* **Exercise**: Your reply should reproduce all the data below exactly while excluding the pictures.

============

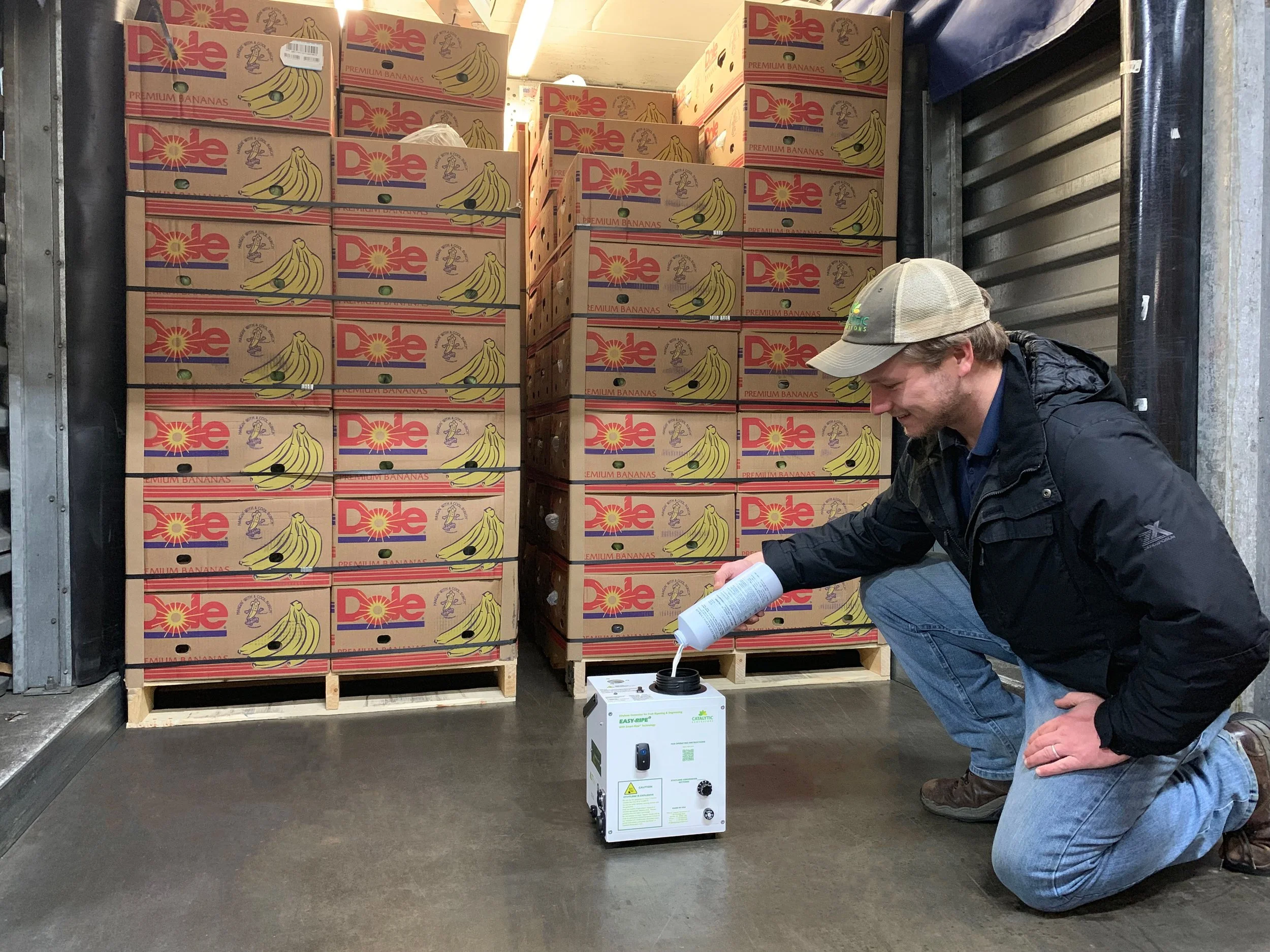 Contrairement aux fournisseurs de gaz multiples, Catalytic Generators s'appuie sur une promesse singulière : rendre l'application de l'éthylène facile, sûre et rentable. Les générateurs Easy-Ripe® de la société, alimentés par le concentré Ethy-Gen® II, sont conçus pour produire de l'éthylène de haute pureté sans utiliser de gaz inertes pour atténuer le risque de concentrations dangereuses. Notre système est intrinsèquement sûr et ne peut pas produire des niveaux d'éthylène explosifs", explique Greg Akins. "Il en résulte de meilleurs niveaux d'éthylène à moindre coût.
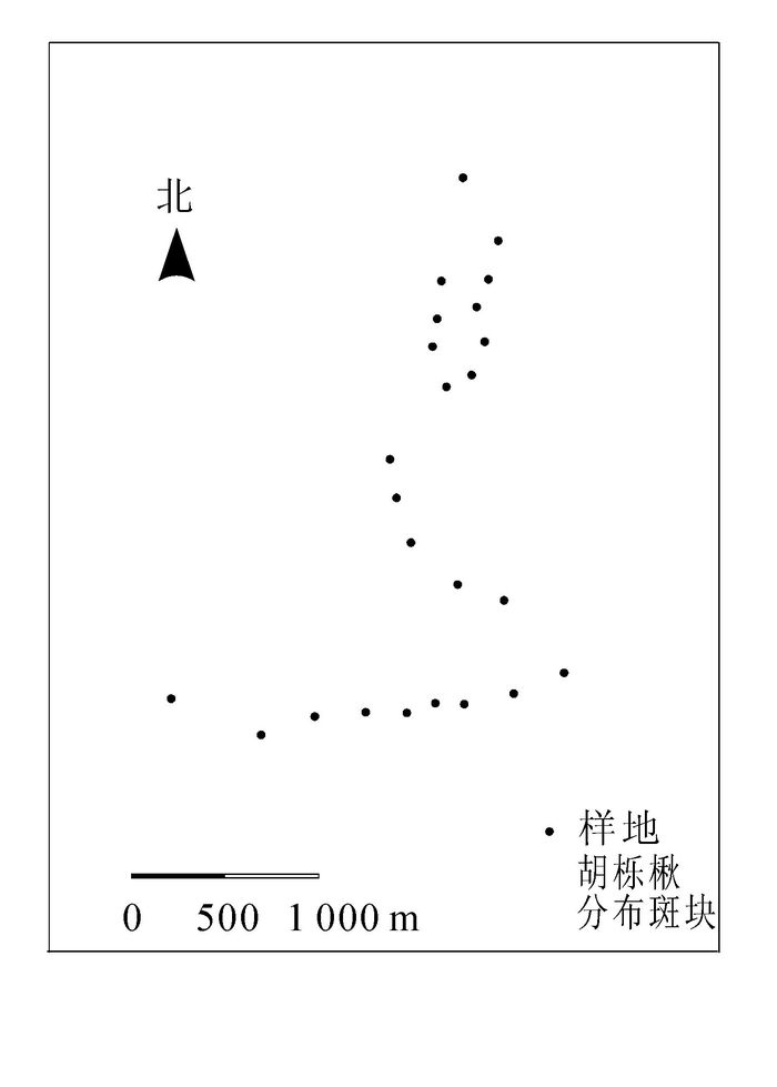 北京松山国家级自然保护区地处延庆县西北部,森林覆盖率接近90%。地处燕山山脉的军都山,坐标为40°29′9″~40°33′35″N,115°43′44″~115°50′22″E[12]。属于暖温带大陆性季风气候区,年平均气温为8.5 ℃,最高和最低气温分别为39.0 ℃和-27.3 ℃,年降水量与蒸发量分别为493.0 mm和1 772.0 mm,年平均日照时数为2 836.3 h。随海拔由低向高依次分布有山地褐土、山地棕壤和山地草甸土[12],土层厚度为20~55 cm。保护区总面积6 264.00 hm2。通过对调查数据的处理,在松山国家级自然保护区一共发现胡桃楸斑块65块,胡桃楸林总计为396.47 hm2。主要分布在大庄科村、兰角沟等地区的沟谷内阴坡一侧,海拔高度为700~1 500 m,以天然纯林为主,萌生情况普遍,少量伴生黑枣Diospyros lotus,榆树Ulmus pumila和大叶白蜡Fraxinus rhynchophylla等。林龄组成以中龄林为主,成熟林和近熟林次之,幼龄林最少。
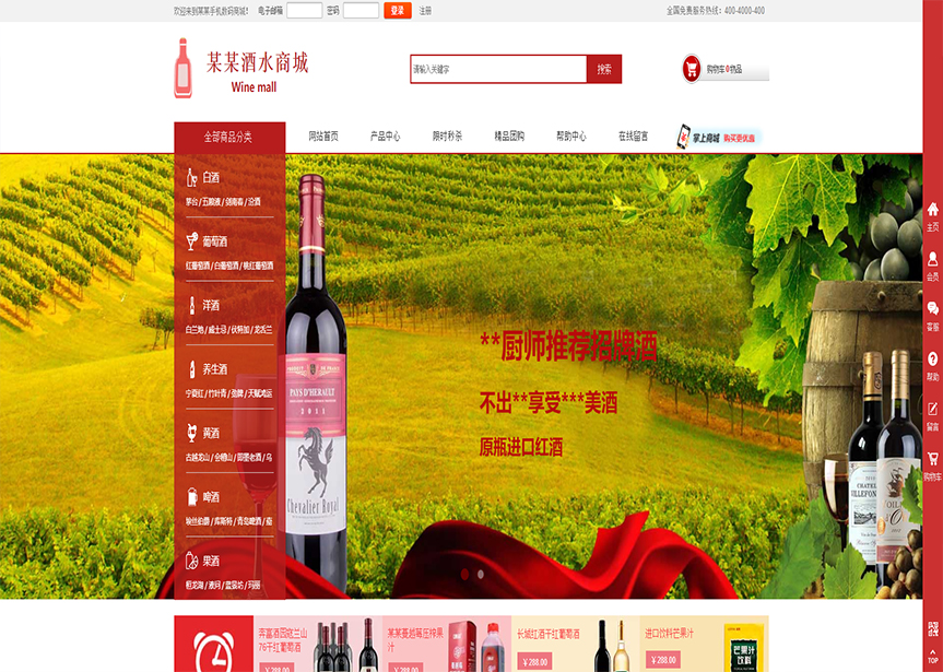模板名稱:(帶手機版數(shù)據(jù)同步)自適應商城類酒水商城通用網站模板
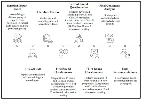 The Delphi process consisted of three iterative rounds (Figure 1). Round 1 included a mixed questionnaire of 25 items: 15 multiple-choice closed questions with predefined answers and 10 open-ended questions aimed at describing institutional practices in nutritional screening, clinical assessment, dietary intervention, and monitoring. The closed questions were designed by the methodological team, which comprised three researchers with expertise in clinical nutrition and evidence synthesis and were validated through independent expert review. A pilot test was conducted with a subgroup of three panelists to ensure clarity, feasibility, and completion time, leading to minor adjustments before launch.
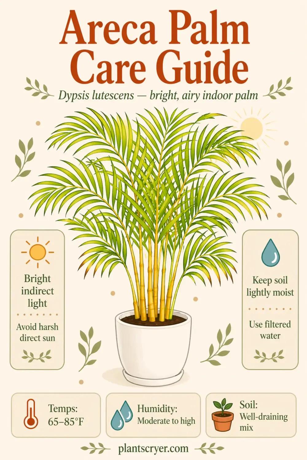 60 to 80°F (16 to 27°C). Avoid temperatures below 50°F, which cause cold damage to the fronds. Keep away from cold drafts, exterior doors, and single-pane windows in winter. Areca palm tolerates warm temperatures well but dislikes sudden temperature swings, which can trigger frond yellowing.
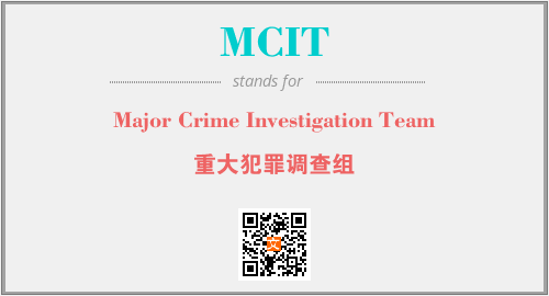 英文缩略词“MCIT”经常作为“Major Crime Investigation Team”的英文缩写来使用,中文表示:“重大犯罪调查组”。本文将详细介绍英文缩写词MCIT所代表英文单词,其对应的中文拼音、详细解释以及在英语中的流行度。此外,还有关于缩略词MCIT的分类、应用领域及相关应用示例等。
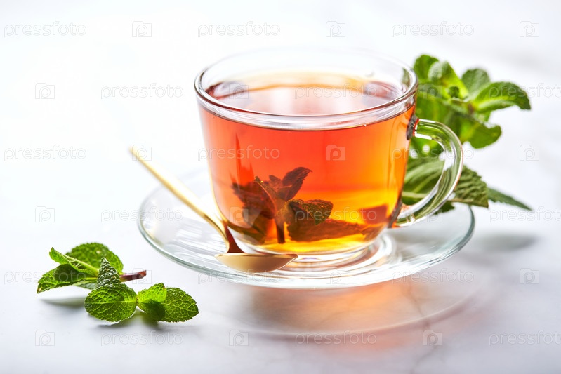 Черный чай в стеклянной прозрачной кружке с листьями мяты. Успокаивающий чай, антистресс
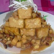 北豆腐、五花肉、香菇、笋、生粉、葱、蒜、姜、甜面酱、香油、黄酒。
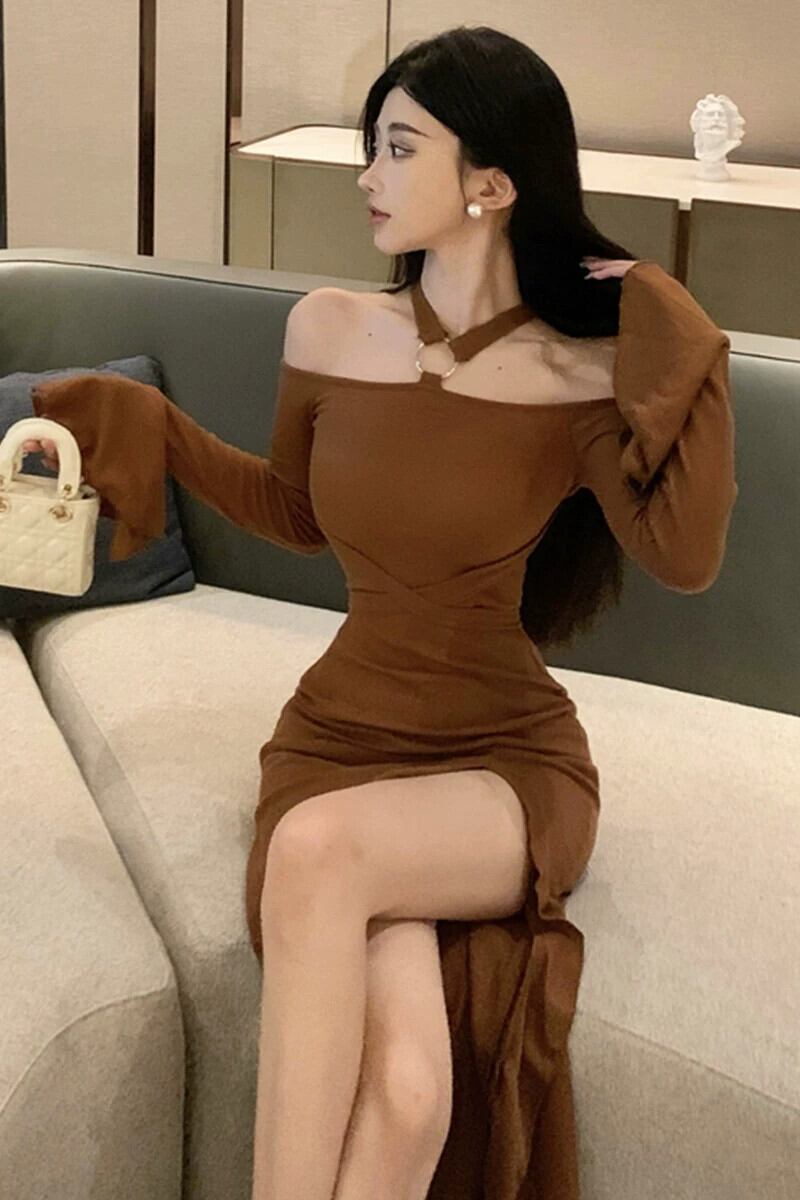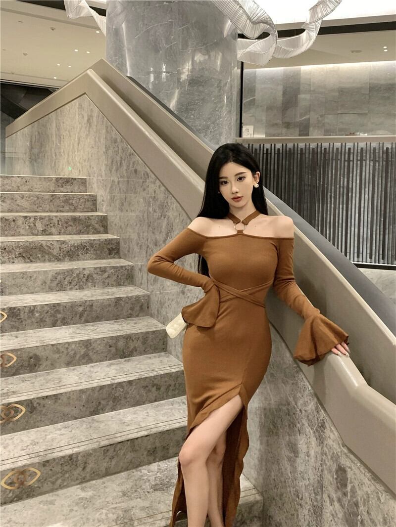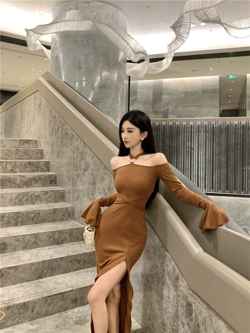 イブニングドレスロングドレス女性ハイエンドフレンチスタイルの女神スタイルのセクシーなワンショルダーベルスリーブホルターネックドレス yeyij9447880256
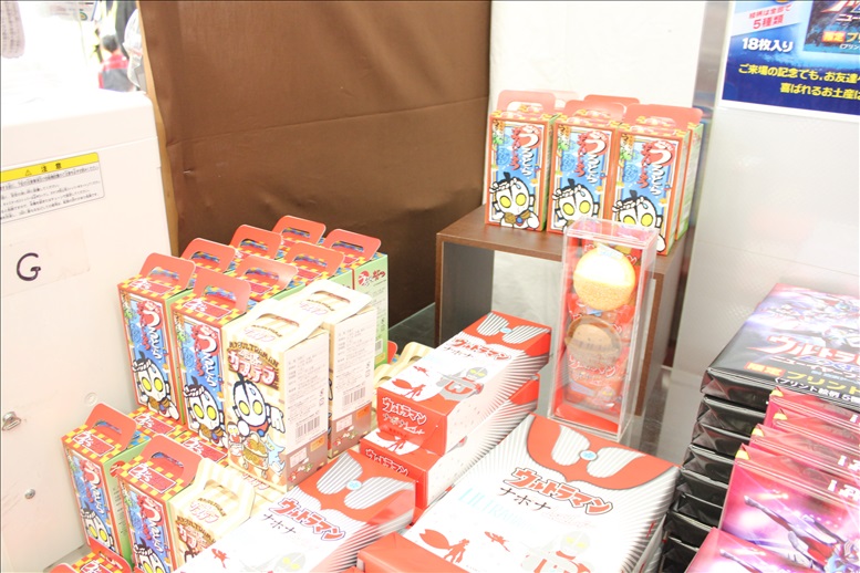 ウルトラまんじゅう、せんべい、クッキーなどのお土産コーナー
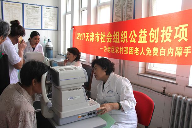 2018年6月13日,我院联合市老促会开展2017年社会组织公益创投项目暨为老区农村孤困老人免费白内障手术救助项目,赴蓟州区为当地108名老人进行免费白内障筛查和眼科义诊咨询。
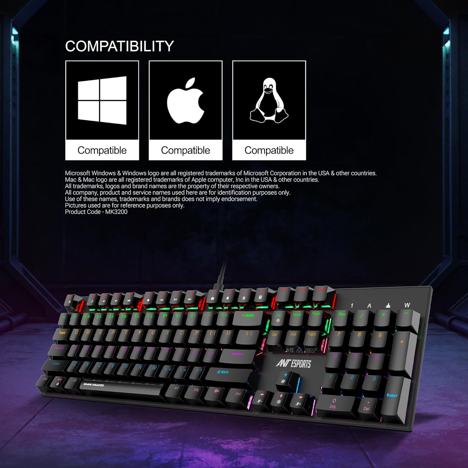 - Package Contents: Ant Esports MK3200 104-Key Mechanical Keyboard, User Manual,Warranty Card
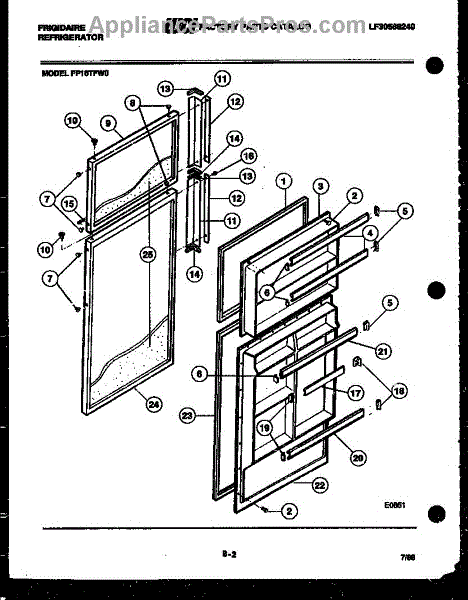 Parts for Frigidaire FP18TFW0: 02 - Door Parts
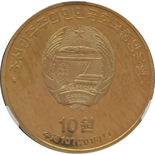 | Ön yüz lejandı | 조선민주주의인민공화국 2018 10원 중앙은행 (Translation: Central Bank of the Democratic People`s Republic of Korea, 10 Won) |

============

* **Task solution**:
 Contrairement aux fournisseurs de gaz multiples, Catalytic Generators s'appuie sur une promesse singulière : rendre l'application de l'éthylène facile, sûre et rentable. Les générateurs Easy-Ripe® de la société, alimentés par le concentré Ethy-Gen® II, sont conçus pour produire de l'éthylène de haute pureté sans utiliser de gaz inertes pour atténuer le risque de concentrations dangereuses. Notre système est intrinsèquement sûr et ne peut pas produire des niveaux d'éthylène explosifs", explique Greg Akins. "Il en résulte de meilleurs niveaux d'éthylène à moindre coût.
 北京松山国家级自然保护区地处延庆县西北部,森林覆盖率接近90%。地处燕山山脉的军都山,坐标为40°29′9″~40°33′35″N,115°43′44″~115°50′22″E[12]。属于暖温带大陆性季风气候区,年平均气温为8.5 ℃,最高和最低气温分别为39.0 ℃和-27.3 ℃,年降水量与蒸发量分别为493.0 mm和1 772.0 mm,年平均日照时数为2 836.3 h。随海拔由低向高依次分布有山地褐土、山地棕壤和山地草甸土[12],土层厚度为20~55 cm。保护区总面积6 264.00 hm2。通过对调查数据的处理,在松山国家级自然保护区一共发现胡桃楸斑块65块,胡桃楸林总计为396.47 hm2。主要分布在大庄科村、兰角沟等地区的沟谷内阴坡一侧,海拔高度为700~1 500 m,以天然纯林为主,萌生情况普遍,少量伴生黑枣Diospyros lotus,榆树Ulmus pumila和大叶白蜡Fraxinus rhynchophylla等。林龄组成以中龄林为主,成熟林和近熟林次之,幼龄林最少。
模板名稱:(帶手機版數(shù)據(jù)同步)自適應商城類酒水商城通用網站模板
 The Delphi process consisted of three iterative rounds (Figure 1). Round 1 included a mixed questionnaire of 25 items: 15 multiple-choice closed questions with predefined answers and 10 open-ended questions aimed at describing institutional practices in nutritional screening, clinical assessment, dietary intervention, and monitoring. The closed questions were designed by the methodological team, which comprised three researchers with expertise in clinical nutrition and evidence synthesis and were validated through independent expert review. A pilot test was conducted with a subgroup of three panelists to ensure clarity, feasibility, and completion time, leading to minor adjustments before launch.
 60 to 80°F (16 to 27°C). Avoid temperatures below 50°F, which cause cold damage to the fronds. Keep away from cold drafts, exterior doors, and single-pane windows in winter. Areca palm tolerates warm temperatures well but dislikes sudden temperature swings, which can trigger frond yellowing.
 英文缩略词“MCIT”经常作为“Major Crime Investigation Team”的英文缩写来使用,中文表示:“重大犯罪调查组”。本文将详细介绍英文缩写词MCIT所代表英文单词,其对应的中文拼音、详细解释以及在英语中的流行度。此外,还有关于缩略词MCIT的分类、应用领域及相关应用示例等。
 Черный чай в стеклянной прозрачной кружке с листьями мяты. Успокаивающий чай, антистресс
 北豆腐、五花肉、香菇、笋、生粉、葱、蒜、姜、甜面酱、香油、黄酒。
 イブニングドレスロングドレス女性ハイエンドフレンチスタイルの女神スタイルのセクシーなワンショルダーベルスリーブホルターネックドレス yeyij9447880256
 ウルトラまんじゅう、せんべい、クッキーなどのお土産コーナー
 2018年6月13日,我院联合市老促会开展2017年社会组织公益创投项目暨为老区农村孤困老人免费白内障手术救助项目,赴蓟州区为当地108名老人进行免费白内障筛查和眼科义诊咨询。
 - Package Contents: Ant Esports MK3200 104-Key Mechanical Keyboard, User Manual,Warranty Card
 Parts for Frigidaire FP18TFW0: 02 - Door Parts
 | Ön yüz lejandı | 조선민주주의인민공화국 2018 10원 중앙은행 (Translation: Central Bank of the Democratic People`s Republic of Korea, 10 Won) |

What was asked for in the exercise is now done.